WORK REQUIRED.
Include the line containing "Il leggerissimo vestitino" and all lines before it, repeated exactly from the listing below, without pictures.

GIVEN DATA.
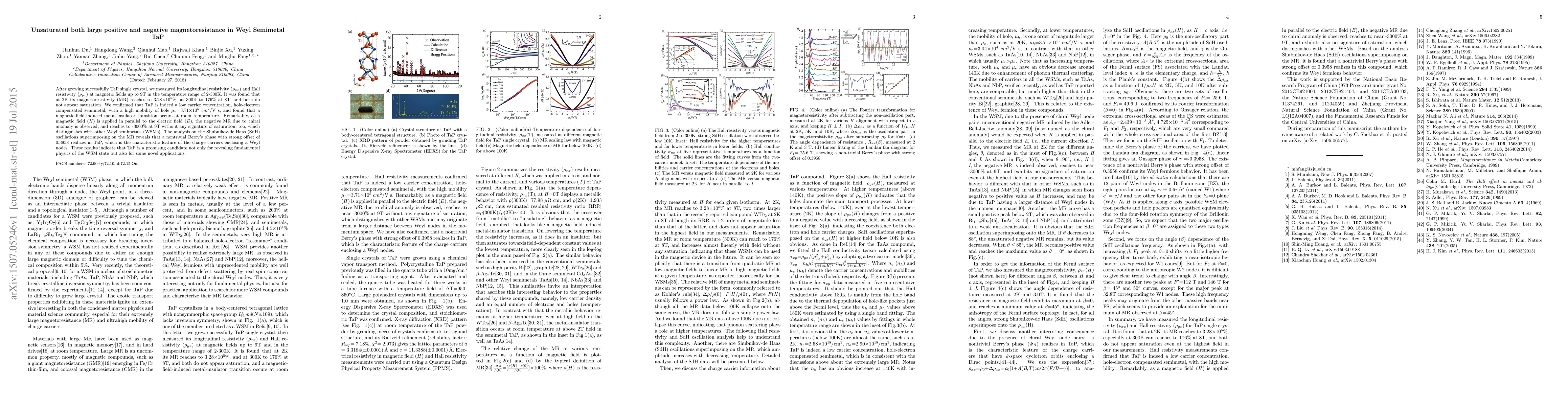 TaP exhibits record-breaking magnetoresistance values up to -3000% at 9T without saturation, showcasing a nontrivial Berry phase with strong offset, making it a promising candidate for fundamental physics studies and novel applications.
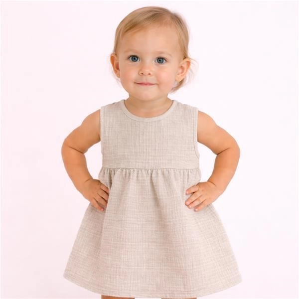Il leggerissimo vestitino in mussola per bambini New Baby Ella farà felice ogni piccola principessa. Senza maniche, con taglio ad A, gonna arricciata e comoda chiusura a pressione sulla schiena. Realizzato in mussola di cotone 100% con certificazione OEKO-TEX STANDARD 100 per la delicatezza, traspirabilità e sicurezza della pelle dei bambini.
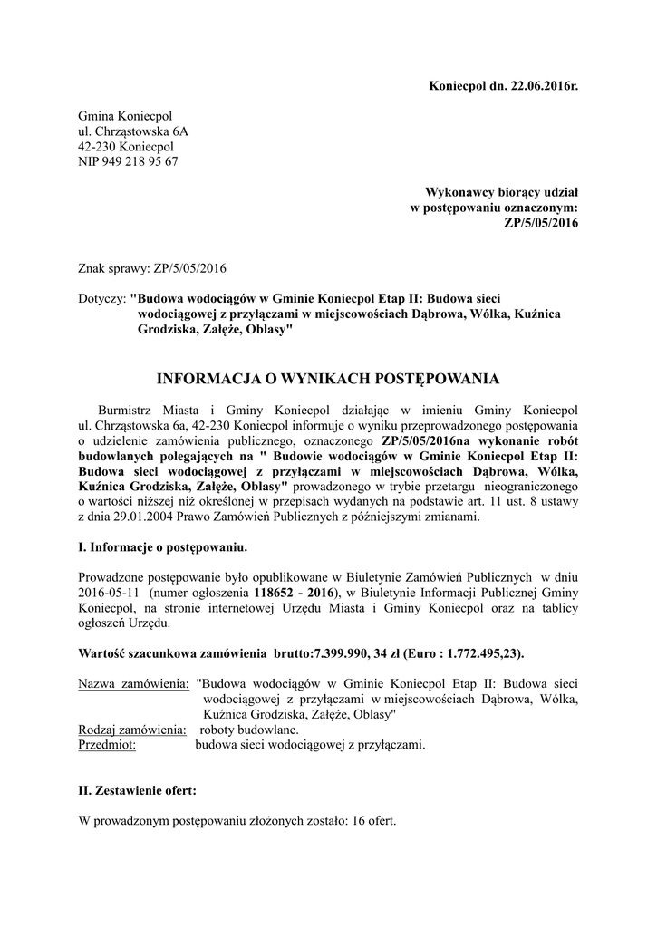 Koniecpol dn. 22.06.2016r. Gmina Koniecpol ul. Chrząstowska 6A 42-230 Koniecpol NIP 949 218 95 67 Wykonawcy biorący udział w postępowaniu oznaczonym: ZP/5/05/2016 Znak sprawy: ZP/5/05/2016 Dotyczy: "Budowa wodociągów w Gminie Koniecpol Etap II: Budowa sieci wodociągowej z przyłączami w miejscowościach Dąbrowa, Wólka, Kuźnica Grodziska, Załęże, Oblasy" INFORMACJA O WYNIKACH POSTĘPOWANIA Burmistrz Miasta i Gminy Koniecpol działając w imieniu Gminy Koniecpol ul. Chrząstowska 6a, 42-230 Koniecpol informuje o wyniku przeprowadzonego postępowania o udzielenie zamówienia publicznego, oznaczonego ZP/5/05/2016na wykonanie robót budowlanych polegających na " Budowie wodociągów w Gminie Koniecpol Etap II: Budowa sieci wodociągowej z przyłączami w miejscowościach Dąbrowa, Wólka, Kuźnica Grodziska, Załęże, Oblasy" prowadzonego w trybie przetargu nieograniczonego o wartości niższej niż określonej w przepisach wydanych na podstawie art. 11 ust. 8 ustawy z dnia 29.01.2004 Prawo Zamówień Publicznych z późniejszymi zmianami. I. Informacje o postępowaniu. Prowadzone postępowanie było opublikowane w Biuletynie Zamówień Publicznych w dniu 2016-05-11 (numer ogłoszenia 118652 - 2016), w Biuletynie Informacji Publicznej Gminy Koniecpol, na stronie internetowej Urzędu Miasta i Gminy Koniecpol oraz na tablicy ogłoszeń Urzędu. Wartość szacunkowa zamówienia brutto:7.399.990, 34 zł (Euro : 1.772.495,23). Nazwa zamówienia: "Budowa wodociągów w Gminie Koniecpol Etap II: Budowa sieci wodociągowej z przyłączami w miejscowościach Dąbrowa, Wólka, Kuźnica Grodziska, Załęże, Oblasy" Rodzaj zamówienia: roboty budowlane. Przedmiot: budowa sieci wodociągowej z przyłączami. II. Zestawienie ofert: W prowadzonym postępowaniu złożonych zostało: 16 ofert. Lp. 1. 2. 3. 4. 5. 6. 7. 8. 9. 10. 11. 12. 13. 14. 15. 16. Nazwa wykonawcy/adres ZISCO Sp. z o.o. Spółka komandytowa ul. Zjednoczenia 11, 43-250 Pawłowice F.U.H.P."TRAK-KOP" Mirosław Cieplak Kostomłoty Pierwsze, ul. Podmiejska 105, 26-08 Miedziana Góra Konsorcjum Firm: Lider: BUSKOPOL S.A ul. Kilińskiego 41, 28-100 Busko-Zdrój; Partner: AKWEDUKT Sp. z o.o., ul. Sandomierska 105, 25-324 Kielce DDtherm Sp. z o.o. ul. Powstańców Śl. 9 47-171 Rozmierka Przedsiębiorstwo Budownictwa Inżynieryjnego MACHNIK sp. z o.o. Mochnaczka Wyżna 118 33-380 Krynica Zdrój ZTHU S. Krupiński&Zakład Instalacji Sanitranych C.O. i Gazu "HYDROMIREX" M.M.Ł. Świtoń ul. Wesoła 13, 42-263 Wrzosowa GT PROJEKT Tadeusz Galisz ul. Dębowa 15, 44-330 Jastrzębie Zdrój Zakład Robót InżynieryjnoTransportowych "WOD-GAZ" ul. 1 Maja 1G, 28-131 Solec-Zdrój Przedsiębiorstwo Budowy Dróg i Mostów Sp. z o.o. ul. Kolejowa 28, 05-300 Mińsk Mazowiecki Firma Handlowa EXPORT-IMPORT Ryszard Bujak ul. Kraszewskiego 10, 29-100 Włoszczowa Konsorcjum Firm: Lider: "ADMA" Zakład RemontowoBudowlany Marian Adamczyk ul. Kościuszki 68, 28-200 StaszówPartner: Przedsiębiorstwo Budowlano-Handlowe "ADMA"-bis Sp. j. Józef Adamczyk, Stanisław Adamczyk ul. Kościuszki 68, 28-200 Staszów "EKOPLAST BIS" Przedsiębiorstwo Usługowo-Handlowe Tadeusz Wydrych ul. Juliusza Słowackiego 6, 28-300 Jędrzejów PHU RAD-BUD Zimoch Włodzimierz ul. Krasickiego 107, 97-500 Radomsko REMINSTAL Sp. z o.o. ul. Opolska 5, 44-100 Gliwice P. U. H. P. "INST-GAZ" M. Kasztelan, J. Nawracała, S. Jałowiecki Spółka Jawna ul. Częstochowska 213, 42-244 Jaskrów Przedsiębiorstwo Produkcyjno-Handlowo Cena brutto: Okres gwarancji: 3.505.500,00 zł 5 lat 2.669.822,01 zł 5 lat 3.758.142,00 zł 5 lat 2.765.885,34 zł 5 lat 2.672.538,09 zł 5 lat 3.533.136,38 zł 4 lata 2.413.087,10 zł 5 lat 1.985.000,00 zł 5 lat 4.243.500,00 zł 5 lat 1.950.000,18 zł 5 lat 2.598.922,29 zł 5 lat 1.590.940,27 zł 5 lat 3.740.028,95 zł 5 lat 2.618.350,82 zł 5 lat 3.899.100,00 zł 5 lat Usługowe "SANGAZ" Waldemar Pacud ul. Ikara 288, 42-221Częstochowa 5.535.000,00 zł 5 lat III. Punktacja Lp. Nazwa wykonawcy/adres Cena brutto: 1. 2. 3. 4. 5. 6. 7. 8. 9. 10. 11. ZISCO Sp. z o.o. Spółka komandytowa ul. Zjednoczenia 11, 43-250 Pawłowice F.U.H.P."TRAK-KOP" Mirosław Cieplak, Kostomłoty Pierwsze, ul. Podmiejska 105, 26-08 Miedziana Góra Konsorcjum Firm: Lider: BUSKOPOL S.A ul. Kilińskiego 41, 28-100 BuskoZdrój; Partner: AKWEDUKT Sp. z o.o., ul. Sandomierska 105, 25-324 Kielce DDtherm Sp. z o.o. ul. Powstańców Śl. 9 47-171 Rozmierka Przedsiębiorstwo Budownictwa Inżynieryjnego MACHNIK sp. z o.o. Mochnaczka Wyżna 118 33-380 Krynica Zdrój ZTHU S. Krupiński & Zakład Instalacji Sanitranych C.O. i Gazu "HYDROMIREX" M.M.Ł. Świtoń ul. Wesoła 13, 42-263 Wrzosowa GT PROJEKT Tadeusz Galisz ul. Dębowa 15, 44-330 Jastrzębie Zdrój Zakład Robót InżynieryjnoTransportowych "WOD-GAZ" ul. 1 Maja 1G, 28-131 Solec-Zdrój Przedsiębiorstwo Budowy Dróg i Mostów Sp. z o.o. ul. Kolejowa 28, 05-300 Mińsk Mazowiecki Firma Handlowa EXPORT-IMPORT Ryszard Bujak ul. Kraszewskiego 10, 29-100 Włoszczowa Konsorcjum Firm: Lider: "ADMA" Zakład RemontowoBudowlany Marian Adamczyk ul. Kościuszki 68, 28-200 StaszówPartner: Przedsiębiorstwo Budowlano-Handlowe "ADMA"-bis Sp. j. Józef Adamczyk, Stanisław Adamczyk Punktacja Okres gwarancji: Razem Oferta odrzucona Oferta odrzucona Oferta odrzucona Oferta odrzucona Oferta odrzucona Wykonawca wykluczony-Oferta odrzucona Oferta odrzucona Oferta odrzucona Oferta odrzucona Oferta odrzucona Oferta odrzucona 12. 13. 14. 15. 16. ul. Kościuszki 68, 28-200 Staszów "EKOPLAST BIS" Przedsiębiorstwo Usługowo-Handlowe Tadeusz Wydrych ul. Juliusza Słowackiego 6, 28-300 Jędrzejów PHU RAD-BUD Zimoch Włodzimierz ul. Krasickiego 107, 97-500 Radomsko REMINSTAL Sp. z o.o. ul. Opolska 5, 44-100 Gliwice P. U. H. P. "INST-GAZ" M. Kasztelan, J. Nawracała, S. Jałowiecki Spółka Jawna ul. Częstochowska 213, 42-244 Jaskrów Przedsiębiorstwo ProdukcyjnoHandlowo Usługowe "SANGAZ" Waldemar Pacud ul. Ikara 288, 42-221 Częstochowa Oferta odrzucona Oferta od

RESPONSE TO THIS TASK.
 TaP exhibits record-breaking magnetoresistance values up to -3000% at 9T without saturation, showcasing a nontrivial Berry phase with strong offset, making it a promising candidate for fundamental physics studies and novel applications.
Il leggerissimo vestitino in mussola per bambini New Baby Ella farà felice ogni piccola principessa. Senza maniche, con taglio ad A, gonna arricciata e comoda chiusura a pressione sulla schiena. Realizzato in mussola di cotone 100% con certificazione OEKO-TEX STANDARD 100 per la delicatezza, traspirabilità e sicurezza della pelle dei bambini.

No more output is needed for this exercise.